Prominent German politician warns Merkel’s reign coming to close
NOVEMBER 22, 2017
Hans-Christian Ströbele, who helped co-found the party that would become the Greens in the 1980s, said he could not envisage the Chancellor staying in her role for much longer.
Despite her best attempts to secure a fourth term as Chancellor, Mrs Merkel’s Christian Democratic Union party (CDU) suffered heavy losses in September’s elections, and she has failed to cobble together a so-called Jamaica alliance with the Greens and the Free Democrats (FDP).
Depending on what Germany’s president Frank-Walter Steinmeier decides, millions of voters could find themselves going back to the polls next year for a snap election, or he could tell Ms Merkel, Europe’s most powerful leader after 12 years in office, to seek further coalition talks.
Angela Merkel cannot survive for much longer, according to Hans-Christian Strobele
There is also the option of forming a minority government, sonething Ms Merkel herself has said she would rather not do.
Mr Ströbele said, whatever the outcome, he does not think Mrs Merkel will be presiding over the Bundestag for long.
In an interview with Swiss website Watson, he said: “The end of the chancellorship of Angela Merkel has already been announced by the outcome of the general election.

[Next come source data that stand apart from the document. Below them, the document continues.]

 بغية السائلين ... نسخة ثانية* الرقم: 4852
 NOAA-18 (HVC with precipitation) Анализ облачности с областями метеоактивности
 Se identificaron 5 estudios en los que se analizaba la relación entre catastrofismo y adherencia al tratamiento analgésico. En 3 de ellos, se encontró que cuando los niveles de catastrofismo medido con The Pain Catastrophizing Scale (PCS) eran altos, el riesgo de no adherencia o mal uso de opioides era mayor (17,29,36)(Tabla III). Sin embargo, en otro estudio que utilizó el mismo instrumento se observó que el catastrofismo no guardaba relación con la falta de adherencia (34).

“Now Merkel’s political end can indeed come very quickly. In my opinion, Mrs Merkel will not be able to stay at the top of the government for much longer.”
The veteran politcian said his personal preference to solve the current crisis would be for the CDU to form a minority government, calling it “good for democracy”.
He said: “It offers the opportunity to strengthen the importance of the parliament and the individual members of parliament – and with it also democracy.
“It is basically good for democracy, if a government has to seek majorities through persuasion in Parliament.”
Mr Strobele said he would personally prefer a minority government to fresh elections
But he refuted the claim such a scenario would strengthen the hand of Alternative for Germany, which has become the first far-right party to enter the Bundestag since World War 2.
Mr Ströbele said: “That does not mean strengthening the AfD.
“For example, war deployment: The Union gets its majorities by getting the votes of the SPD and FDP on top of its own votes.
“When it comes to social or environmental issues, the government then resorts to the Greens. In any case, it would be the right way to counter the AfD by having transparent, honest policies.”
Mr Ströbele said he “did not regret” the failure of coalition talks between his party, the CDU and the FDP, and branded the idea a “problematic alliance”.
But he said the parties had reached agreements on a number of topics that proved the CDU could form a minority government and still push liegislation through parliament.
Mr Ströbele said: “The Jamaican soundings have shown that there is consensus between the four parties on a number of points.
“So, thanks to this majority, the government is already able to act. Regarding controversial points they will then have to fight for majorities.
“I do not say that a minority government would be ideal – but at least temporarily, it can make politics more transparent to the electorate and show that they take people’s concerns seriously.”
It comes as two veteran allies of Mrs Merkel appealed to Germany’s parties to strike a compromise and form a stable government that could drag Europe’s biggest economy out of a political impasse.
There are wider implications too for Europe since the collapse of talks means the euro zone’s ambitious plans for deeper economic integration could now be put on hold, euro zone officials said in Brussels.
Mrs Merkel’s former finance minister Wolfgang Schaeuble, now in the impartial role of parliamentary president, said compromise was the order of the day while chancellery chief Peter Altmaier gave parties three weeks to sort out the mess.
And Mr Altmaier, also acting finance minister, told ZDF television: “We must be in a situation in the next three weeks where there is clarity about whether there can be a stable government on the basis of this election result.”